## GOAL OF THE EXERCISE
Among the entries that follow, find every line with the word "parte" and list it.

[RECORDS FOR THIS TASK]

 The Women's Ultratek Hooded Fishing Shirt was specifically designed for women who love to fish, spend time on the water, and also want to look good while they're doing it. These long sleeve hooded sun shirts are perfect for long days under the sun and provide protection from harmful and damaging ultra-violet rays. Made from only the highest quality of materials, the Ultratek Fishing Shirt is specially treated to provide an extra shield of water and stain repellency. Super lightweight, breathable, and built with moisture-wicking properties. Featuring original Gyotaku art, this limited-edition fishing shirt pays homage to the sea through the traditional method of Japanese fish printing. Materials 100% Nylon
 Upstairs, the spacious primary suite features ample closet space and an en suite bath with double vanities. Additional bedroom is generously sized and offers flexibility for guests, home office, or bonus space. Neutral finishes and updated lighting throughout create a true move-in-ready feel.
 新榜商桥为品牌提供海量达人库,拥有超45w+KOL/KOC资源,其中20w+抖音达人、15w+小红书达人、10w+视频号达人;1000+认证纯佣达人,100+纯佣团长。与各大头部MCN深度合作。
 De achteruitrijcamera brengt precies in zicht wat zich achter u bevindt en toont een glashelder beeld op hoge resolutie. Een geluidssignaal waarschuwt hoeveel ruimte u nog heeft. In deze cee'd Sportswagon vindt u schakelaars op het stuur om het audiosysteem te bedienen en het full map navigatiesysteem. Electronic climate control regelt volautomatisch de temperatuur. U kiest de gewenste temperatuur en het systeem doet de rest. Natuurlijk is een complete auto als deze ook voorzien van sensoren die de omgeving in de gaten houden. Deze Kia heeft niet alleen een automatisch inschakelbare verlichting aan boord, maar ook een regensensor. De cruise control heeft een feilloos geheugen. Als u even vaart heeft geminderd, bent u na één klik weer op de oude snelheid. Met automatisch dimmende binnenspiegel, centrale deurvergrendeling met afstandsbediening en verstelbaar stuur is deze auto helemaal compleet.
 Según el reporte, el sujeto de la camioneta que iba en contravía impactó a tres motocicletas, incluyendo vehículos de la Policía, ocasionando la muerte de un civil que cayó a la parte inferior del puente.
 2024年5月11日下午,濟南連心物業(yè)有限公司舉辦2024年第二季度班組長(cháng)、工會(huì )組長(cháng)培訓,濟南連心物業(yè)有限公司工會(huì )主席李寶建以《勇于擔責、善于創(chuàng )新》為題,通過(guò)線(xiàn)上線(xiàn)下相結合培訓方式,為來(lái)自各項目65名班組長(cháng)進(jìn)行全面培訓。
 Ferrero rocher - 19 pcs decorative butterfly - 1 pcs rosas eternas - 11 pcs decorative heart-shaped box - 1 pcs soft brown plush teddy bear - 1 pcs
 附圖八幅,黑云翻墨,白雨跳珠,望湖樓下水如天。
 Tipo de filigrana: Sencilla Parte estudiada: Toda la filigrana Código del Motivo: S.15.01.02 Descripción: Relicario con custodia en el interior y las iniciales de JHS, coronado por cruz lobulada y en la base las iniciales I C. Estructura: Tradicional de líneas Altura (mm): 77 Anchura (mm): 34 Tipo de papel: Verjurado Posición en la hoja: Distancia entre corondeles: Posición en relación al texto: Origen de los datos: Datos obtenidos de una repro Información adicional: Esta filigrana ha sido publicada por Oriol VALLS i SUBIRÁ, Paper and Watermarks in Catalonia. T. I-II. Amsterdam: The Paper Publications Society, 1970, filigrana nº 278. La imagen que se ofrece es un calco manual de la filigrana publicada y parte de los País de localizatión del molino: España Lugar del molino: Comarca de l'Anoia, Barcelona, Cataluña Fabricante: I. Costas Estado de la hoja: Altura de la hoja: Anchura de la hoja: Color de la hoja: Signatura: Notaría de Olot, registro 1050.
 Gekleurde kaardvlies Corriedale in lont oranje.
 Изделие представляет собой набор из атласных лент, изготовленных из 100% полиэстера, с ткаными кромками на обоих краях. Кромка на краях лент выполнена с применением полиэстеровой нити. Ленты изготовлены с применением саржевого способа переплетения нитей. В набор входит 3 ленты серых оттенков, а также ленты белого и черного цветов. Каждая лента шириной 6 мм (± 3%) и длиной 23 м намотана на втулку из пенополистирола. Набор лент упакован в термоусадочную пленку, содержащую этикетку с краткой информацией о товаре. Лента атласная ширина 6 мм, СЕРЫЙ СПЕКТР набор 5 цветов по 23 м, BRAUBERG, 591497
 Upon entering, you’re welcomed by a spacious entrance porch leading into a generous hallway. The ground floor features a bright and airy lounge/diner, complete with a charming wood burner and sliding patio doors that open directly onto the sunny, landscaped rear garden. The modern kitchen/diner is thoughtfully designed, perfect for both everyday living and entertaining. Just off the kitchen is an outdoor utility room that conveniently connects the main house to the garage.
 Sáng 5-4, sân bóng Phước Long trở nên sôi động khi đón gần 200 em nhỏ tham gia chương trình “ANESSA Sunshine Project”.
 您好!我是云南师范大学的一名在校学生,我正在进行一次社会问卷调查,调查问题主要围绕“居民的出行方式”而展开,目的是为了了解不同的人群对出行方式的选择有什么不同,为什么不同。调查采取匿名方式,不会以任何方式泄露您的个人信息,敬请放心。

[/RECORDS FOR THIS TASK]

## FINAL ANSWER
 Según el reporte, el sujeto de la camioneta que iba en contravía impactó a tres motocicletas, incluyendo vehículos de la Policía, ocasionando la muerte de un civil que cayó a la parte inferior del puente.
 Tipo de filigrana: Sencilla Parte estudiada: Toda la filigrana Código del Motivo: S.15.01.02 Descripción: Relicario con custodia en el interior y las iniciales de JHS, coronado por cruz lobulada y en la base las iniciales I C. Estructura: Tradicional de líneas Altura (mm): 77 Anchura (mm): 34 Tipo de papel: Verjurado Posición en la hoja: Distancia entre corondeles: Posición en relación al texto: Origen de los datos: Datos obtenidos de una repro Información adicional: Esta filigrana ha sido publicada por Oriol VALLS i SUBIRÁ, Paper and Watermarks in Catalonia. T. I-II. Amsterdam: The Paper Publications Society, 1970, filigrana nº 278. La imagen que se ofrece es un calco manual de la filigrana publicada y parte de los País de localizatión del molino: España Lugar del molino: Comarca de l'Anoia, Barcelona, Cataluña Fabricante: I. Costas Estado de la hoja: Altura de la hoja: Anchura de la hoja: Color de la hoja: Signatura: Notaría de Olot, registro 1050.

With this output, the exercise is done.